Matt Harrison - Research

Current Research

Overview

My group is currently studying statistical methods that are agnostic about certain aspects of the underlying distribution of the data. This seems increasingly desirable in many modern problems because of the inherent difficulties that arise when modeling high-dimensional distributions. Applications in neuroscience are an area of special focus. Here we would like statistical methods that can resolve scientific questions about processes operating on a given time scale, while being agnostic about processes operating at different time scales.

Some of the interesting side projects that have arisen along the way include sampling algorithms for graphs with specified degree sequences (or tables with specified margins), a simple procedure to provably control the type I error rate of Monte Carlo hypothesis tests based on importance sampling, and improved algorithms for brain-machine interfaces for people with tetraplegia.

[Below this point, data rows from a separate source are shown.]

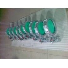 。頂部及底部相同的圓法蘭,具有一個頂部法蘭以及一個折邊部件,適用于一根柔性套管。粉體蝴蝶閥主要用于開關料箱,料斗以及裝有粉狀或是顆粒狀物料的筒倉??蓱糜谒蟹蹱罴邦w粒物料的處理,閥門利用物料自身重力進行截流以及氣動傳輸干性物料。粉體蝶閥可以安裝在料斗、料箱、筒倉、螺旋或其他類型的輸送機的下方,以及連接氣動輸送管道。由于此閥門的特殊結構以及工程材料的運用,它始終是一個非常經濟且極高效的選擇
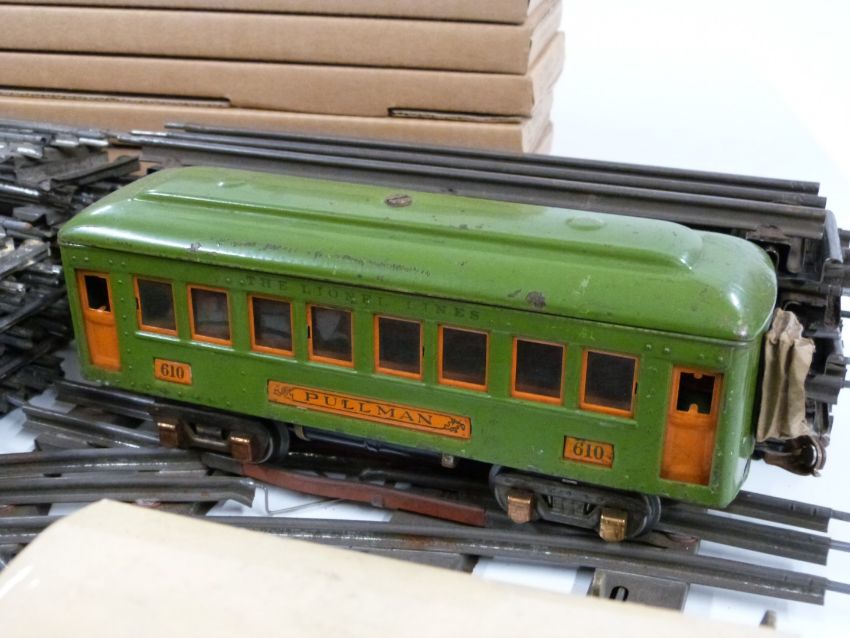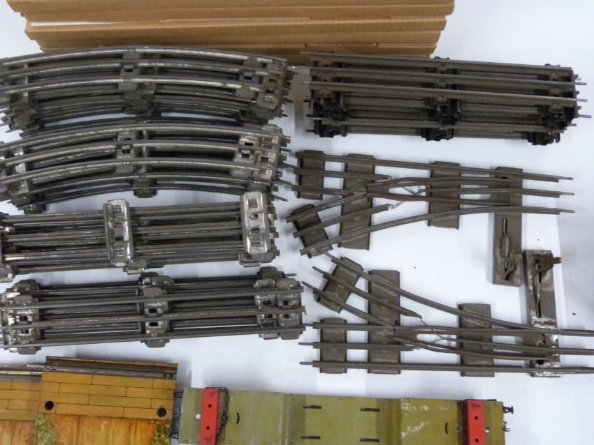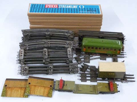 A collection of 0 gauge model railway rolling stock, accessories and track including Lionel Pullman coach, Bassett Lowke LMS van, Peco Streamline Points etc, some in original boxes.
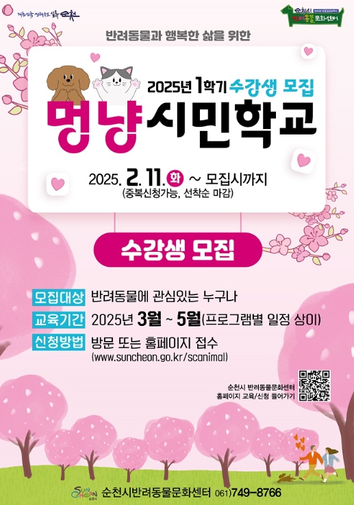 강좌 신청은 오는 11일부터 ‘순천시 반려동물문화센터 누리집과 반려동물문화센터 방문을 통해 선착순으로 받는다.
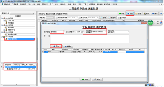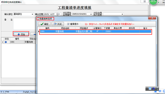 然后點“添加”按鈕,在彈出的“工程量清單選”窗口中選擇需要填報的清單內容,然后在本次完成量處輸入已完成的工作量,如圖:
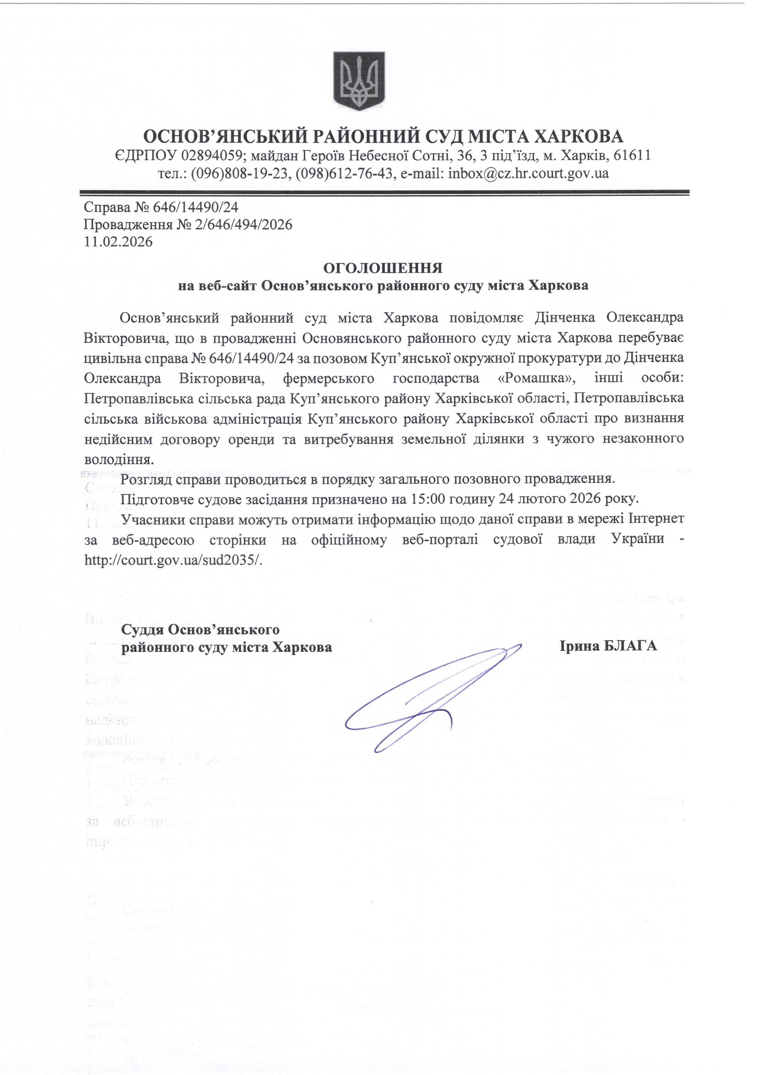 Оголошення по справі № 646/14490/24 для Дінченка Олександра Вікторовича
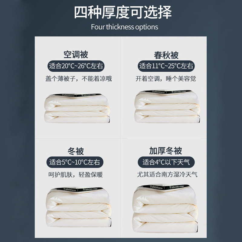 150x200cm summer cool quilt (about 2.6 kg room temperature above 20 °C) 150x200cm spring and autumn quilt (about 3.6 kg room temperature 11-25 °C) 150x200cm thickened winter quilt (about 5.6 kg room temperature 5-15 °C) 180x220cm summer cool quilt (about 3 kg room temperature above 20 °C) 180x220cm spring and autumn quilt (about 4 kg room temperature 20-25 °C) 180x220cm winter quilt (about 6 kg room temperature 11-25 °C) 180x220cm thickened winter quilt (about 8 kg room temperature 5-15 °C applicable) 200x230cm summer cool quilt (about 3.2 kg room temperature above 20 °C applies) 200x230cm spring and autumn quilt (about 4.2 kg room temperature 11-25 °C applicable) 200x230cm spring and autumn quilt (about 6.2 kg room temperature 10-15 °C) 200x230cm thick winter quilt (about 8.2 kg room temperature 5-15 °C) 200x230cm extra thick winter quilt ( Approx. 10.2 kg room temperature below 5 °C) 220x240cm spring and autumn quilt (about 4.5 kg room temperature 20 °C applies) 220x240cm spring and autumn quilt (about 6.5 kg room temperature 11-25 °C applicable) 220x240cm thick winter quilt (about 8.5 kg room temperature 5-15 °C applicable) 220x240cm extra thick winter quilt (about 10.5 kg room temperature below 5 °C)

Estimating the number of components in a finite mixture

People

Jeff Miller
Matt Harrison

Presentations and Manuscripts

J Miller, M Harrison. A simple example of Dirichlet process mixture inconsistency for the number of components. arXiv:1301.2708.
J Miller, M Harrison (2012) Posterior consistency for the number of components in a finite mixture. 2012 NIPS Workshop on Modern Nonparametric Machine Learning. Lake Tahoe, NV.
J Miller, M Harrison (2012) Dirichlet process mixtures are inconsistent for the number of components in a finite mixture. ICERM Bayesian Nonparametrics Workshop. Providence, RI. Slides [pdf]

Summary

Dirichlet process mixtures (DPMs) are often applied when the data is assumed to come from a mixture with finitely many components, but one does not know the number of components s. In many such cases, one desires to make inferences about s, and it is common practice use the posterior distribution on the number of components occurring so far. It turns out that this posterior is not consistent for s. That is, we have proven that given unlimited i.i.d. data from a finite mixture with s₀ components, the posterior probability of s₀ does not converge to 1. The same result holds for Pitman-Yor process mixtures, and many other related nonparametric Bayesian priors. Motivated by this finding, we examine an alternative approach to Bayesian nonparametric mixtures, which we refer to as a mixture of finite mixtures (MFM). In addition to being consistent for the number of components, MFMs are very natural and possess many of the attractive features of DPMs, including: efficient approximate inference (with MCMC), consistency for the density (at the optimal rate, under certain conditions), and appealing equivalent formulations ("restaurant process", distribution on partitions, stick-breaking, and random discrete measures). Our findings suggest that MFMs are preferable to DPMs when the data comes from a finite mixture.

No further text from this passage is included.